ENTRIES SUPPLIED:
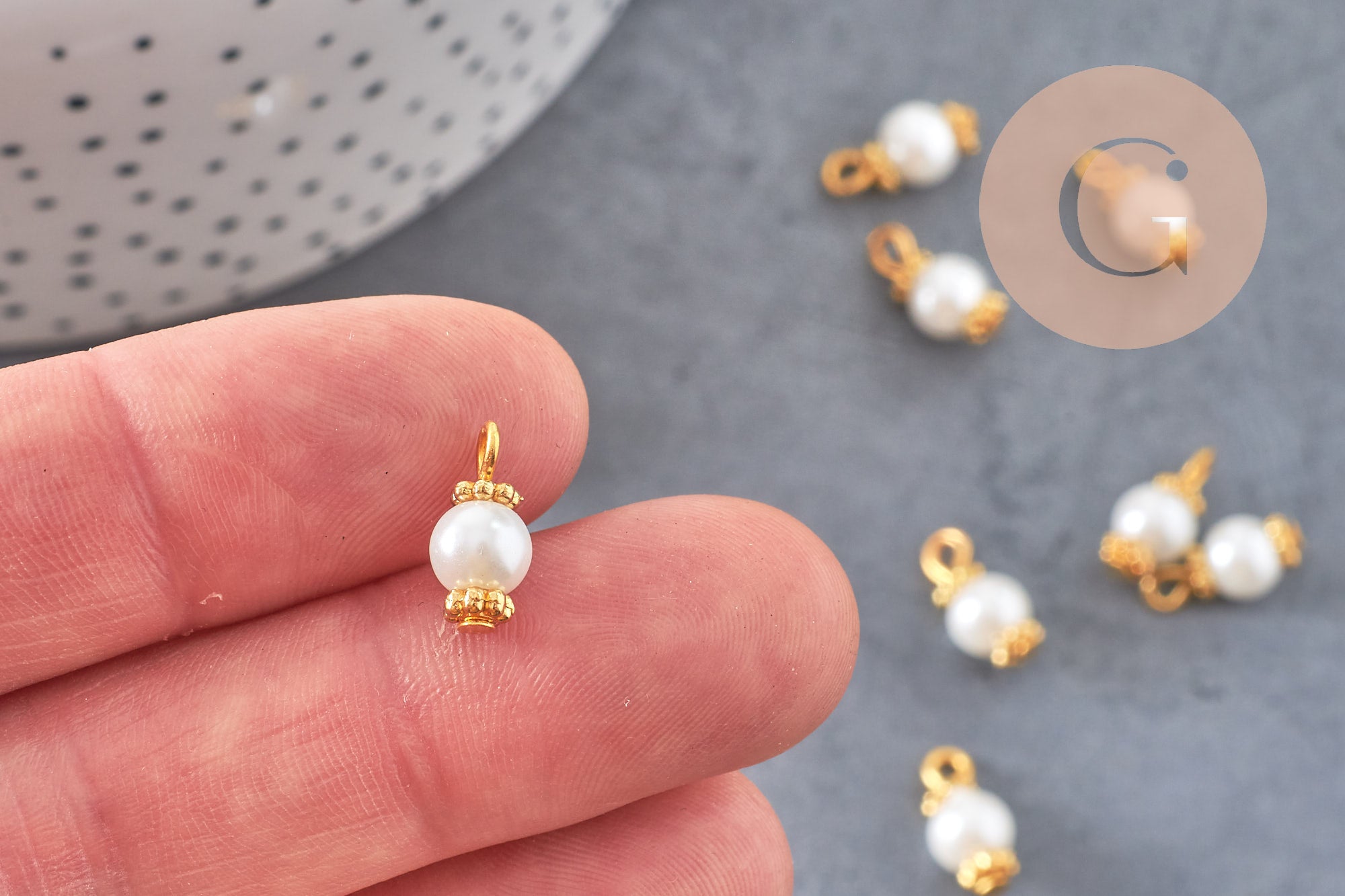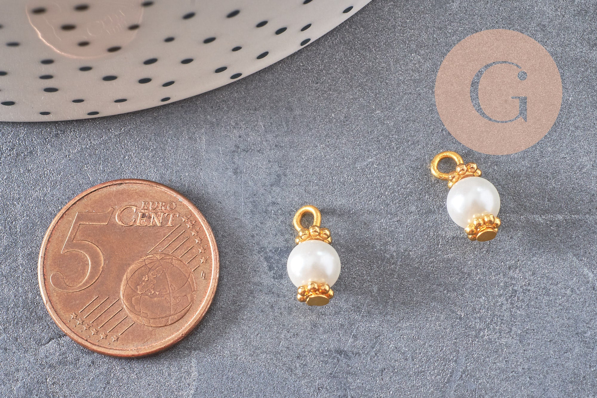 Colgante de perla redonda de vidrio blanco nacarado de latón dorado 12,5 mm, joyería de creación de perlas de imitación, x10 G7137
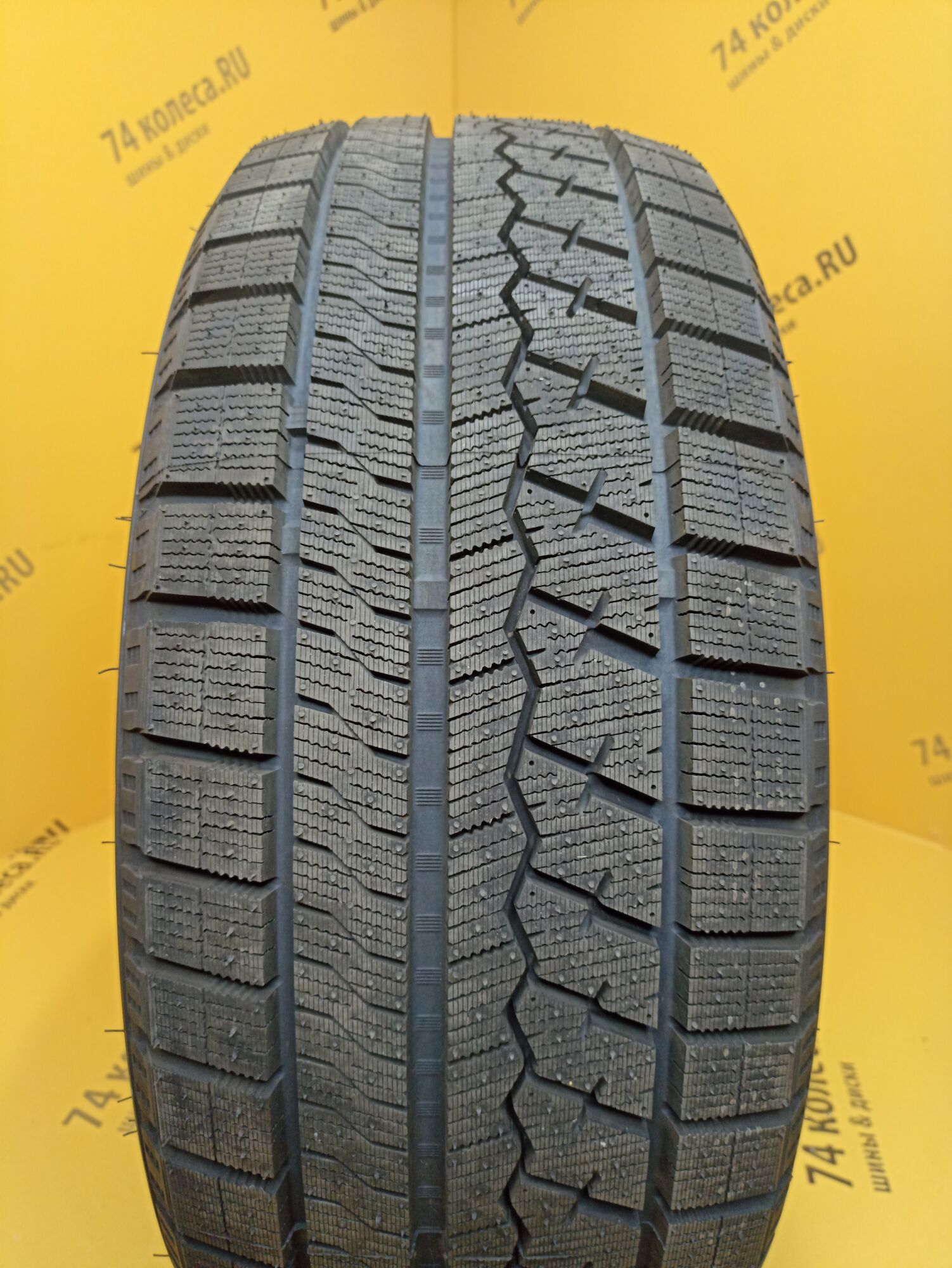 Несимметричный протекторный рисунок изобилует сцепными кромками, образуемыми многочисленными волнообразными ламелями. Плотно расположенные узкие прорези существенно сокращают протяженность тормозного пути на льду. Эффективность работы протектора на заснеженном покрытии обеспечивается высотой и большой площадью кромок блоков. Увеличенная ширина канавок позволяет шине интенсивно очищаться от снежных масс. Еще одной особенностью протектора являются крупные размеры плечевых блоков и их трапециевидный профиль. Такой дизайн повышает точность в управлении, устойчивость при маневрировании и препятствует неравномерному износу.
--
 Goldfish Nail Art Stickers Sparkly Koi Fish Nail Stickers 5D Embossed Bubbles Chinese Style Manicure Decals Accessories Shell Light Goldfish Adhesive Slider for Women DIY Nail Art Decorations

TASK:
Above are some records. Output exactly the lines from the one that contains "Colgante de perla" to the one that contains "Несимметричный протекторный рисунок", keeping both, and omit the pictures.

SOLUTION TO THE EXERCISE:
 Colgante de perla redonda de vidrio blanco nacarado de latón dorado 12,5 mm, joyería de creación de perlas de imitación, x10 G7137
 Несимметричный протекторный рисунок изобилует сцепными кромками, образуемыми многочисленными волнообразными ламелями. Плотно расположенные узкие прорези существенно сокращают протяженность тормозного пути на льду. Эффективность работы протектора на заснеженном покрытии обеспечивается высотой и большой площадью кромок блоков. Увеличенная ширина канавок позволяет шине интенсивно очищаться от снежных масс. Еще одной особенностью протектора являются крупные размеры плечевых блоков и их трапециевидный профиль. Такой дизайн повышает точность в управлении, устойчивость при маневрировании и препятствует неравномерному износу.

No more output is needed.